Это был тот самый священник. Маленький, пухлый человечек, проповедник из Сбруйного Звона, гость на предсвадебном вечере и утешитель леди Пенелопы.

– Откуда вы меня знаете, сэр? – спросил я.

Он-то не спросил у меня того же. Ведь догадаться было нетрудно по его одеянию.

– Меня потрясла ваша игра накануне этого страшного события. От судьи Филдинга я узнал ваше имя.

Несмотря на то что комплимент был связан с трагическим происшествием, все же это был комплимент. А актеры обожают комплименты, пусть они исходят из уст самого дьявола. А если уж вас расхваливает священник, то ваша святая обязанность не только принять, но и искренне порадоваться похвале. К тому же я с благоговением и уважением относился к тем, кто носит сутану. Из-за моего отца, как понимаете.

– Так вам понравилась постановка?

– Нет, мастер Ревилл. А если и да, то это удовольствие было столь сильно омрачено последовавшей за ним трагедией, что стало неуместным.

Это было произнесено почти как упрек.

– Я понимаю вас, простите, что спросил.

– Вы, актеры, тут ни при чем. Вы отлично поработали. Не умаляйте своей заслуги.

Такие речи мне нравились больше.

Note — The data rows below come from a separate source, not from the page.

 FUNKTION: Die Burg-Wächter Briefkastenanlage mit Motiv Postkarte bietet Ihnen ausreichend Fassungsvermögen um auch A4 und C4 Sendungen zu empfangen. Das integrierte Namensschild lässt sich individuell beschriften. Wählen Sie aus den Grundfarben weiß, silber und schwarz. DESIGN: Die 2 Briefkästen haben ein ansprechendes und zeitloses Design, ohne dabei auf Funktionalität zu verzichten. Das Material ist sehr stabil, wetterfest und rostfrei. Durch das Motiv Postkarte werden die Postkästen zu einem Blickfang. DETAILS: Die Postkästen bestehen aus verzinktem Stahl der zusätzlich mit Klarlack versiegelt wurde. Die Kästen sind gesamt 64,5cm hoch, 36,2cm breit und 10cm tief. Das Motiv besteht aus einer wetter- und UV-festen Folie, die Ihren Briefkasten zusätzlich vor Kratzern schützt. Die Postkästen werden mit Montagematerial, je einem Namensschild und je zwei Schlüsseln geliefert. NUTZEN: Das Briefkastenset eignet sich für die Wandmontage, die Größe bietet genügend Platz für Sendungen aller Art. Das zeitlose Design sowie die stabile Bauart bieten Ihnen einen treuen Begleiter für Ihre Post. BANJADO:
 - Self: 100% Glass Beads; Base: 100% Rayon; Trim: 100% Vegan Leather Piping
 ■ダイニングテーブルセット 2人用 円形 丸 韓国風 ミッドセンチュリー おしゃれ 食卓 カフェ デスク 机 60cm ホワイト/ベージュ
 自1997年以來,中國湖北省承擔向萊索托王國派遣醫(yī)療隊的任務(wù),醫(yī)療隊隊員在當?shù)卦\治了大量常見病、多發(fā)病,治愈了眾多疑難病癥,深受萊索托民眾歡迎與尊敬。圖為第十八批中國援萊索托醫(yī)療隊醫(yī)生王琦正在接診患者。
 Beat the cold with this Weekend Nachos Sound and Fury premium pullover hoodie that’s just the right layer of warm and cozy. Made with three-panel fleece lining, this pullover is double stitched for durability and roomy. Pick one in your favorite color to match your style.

В этом кругленьком человечке ощущались открытость и откровенность, так что в самые краткие сроки и посредством ряда вопросов моя жизнь была разложена по полочкам. Как я родился и рос недалеко отсюда, в Мичинге, в семье священника, как погибли во время эпидемии чумы мои родители, как после этого я отправился в Лондон пытать счастья, искать заработка, и не то чтобы я всегда помышлял быть актером или ехал в столицу только для этого, но, пояснил я, это было по крайней мере искренним и даже благородным зовом моего сердца, хотя отец никогда не был хорошего мнения о театре.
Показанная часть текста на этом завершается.